Leaving out all pictures, restate word for word the lines from the one with "Figuranten en artiesten" through the last line of the entries.

Dataset excerpts
════════════════════

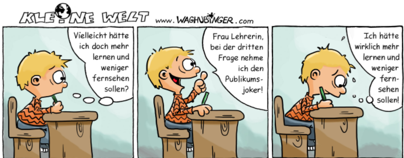
Lösung des Sudokus
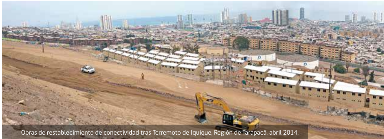
Obras de restablecimiento de conectividad tras Terremoto de Iquique, Región de Tarapacá, abril 2014.
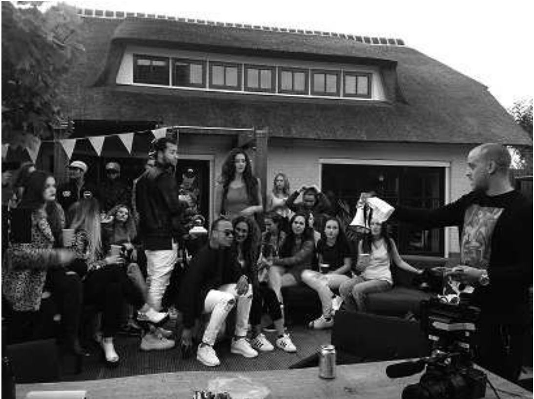
Figuranten en artiesten tijdens de opnamen van een video clip
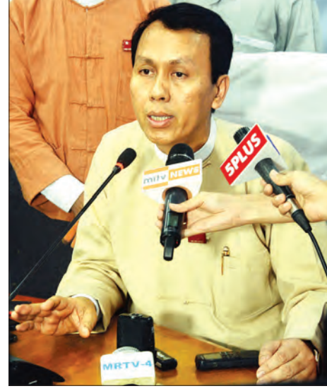
ရန်ကုန်တိုင်းဒေသကြီး ဝန်ကြီးချုပ် ဦးဖိုးမင်းသိန်း

တိုးတက်ရာတိုးတက်ကြောင်း လုပ်ချင်တယ်။ အခြေအနေအကြောင်းကြောင်းကြောင့် ဒီလိုဖြစ်နေတယ်ဆိုရင် ကျွန်တော်တို့အစိုးရမှာတာဝန်ရှိတယ်။ ဒီကျေးကျွဲနဲ့ ပတ်သက်လို့ ကျွန်တော်တို့တစ်တွေ နယ်မြေတွေထဲထိ အောင်ဆင်းပြီး ပူးပေါင်းဆောင်ရွက်ပါမယ်။ ရွှေ့ပြောင်းလုပ်သား တော်တော်များအတွက် ဒီပြဿနာဖြေရှင်းရမှာပါ။ တိုက်ခန်းဆောက်ပေး၊ ငှားပေးလို့လည်း အဆင်မပြေနိုင်ဘူး။ သူတို့ဟာ စက်ရုံတွေအတွက်လည်း အသုံးတည့်တဲ့ အလုပ်သမားတွေဖြစ်သလို ကျွန်တော်တို့ နိုင်ငံသားတွေ

════════════════════

THE COMPLETED TASK
Figuranten en artiesten tijdens de opnamen van een video clip
ရန်ကုန်တိုင်းဒေသကြီး ဝန်ကြီးချုပ် ဦးဖိုးမင်းသိန်း

တိုးတက်ရာတိုးတက်ကြောင်း လုပ်ချင်တယ်။ အခြေအနေအကြောင်းကြောင်းကြောင့် ဒီလိုဖြစ်နေတယ်ဆိုရင် ကျွန်တော်တို့အစိုးရမှာတာဝန်ရှိတယ်။ ဒီကျေးကျွဲနဲ့ ပတ်သက်လို့ ကျွန်တော်တို့တစ်တွေ နယ်မြေတွေထဲထိ အောင်ဆင်းပြီး ပူးပေါင်းဆောင်ရွက်ပါမယ်။ ရွှေ့ပြောင်းလုပ်သား တော်တော်များအတွက် ဒီပြဿနာဖြေရှင်းရမှာပါ။ တိုက်ခန်းဆောက်ပေး၊ ငှားပေးလို့လည်း အဆင်မပြေနိုင်ဘူး။ သူတို့ဟာ စက်ရုံတွေအတွက်လည်း အသုံးတည့်တဲ့ အလုပ်သမားတွေဖြစ်သလို ကျွန်တော်တို့ နိုင်ငံသားတွေ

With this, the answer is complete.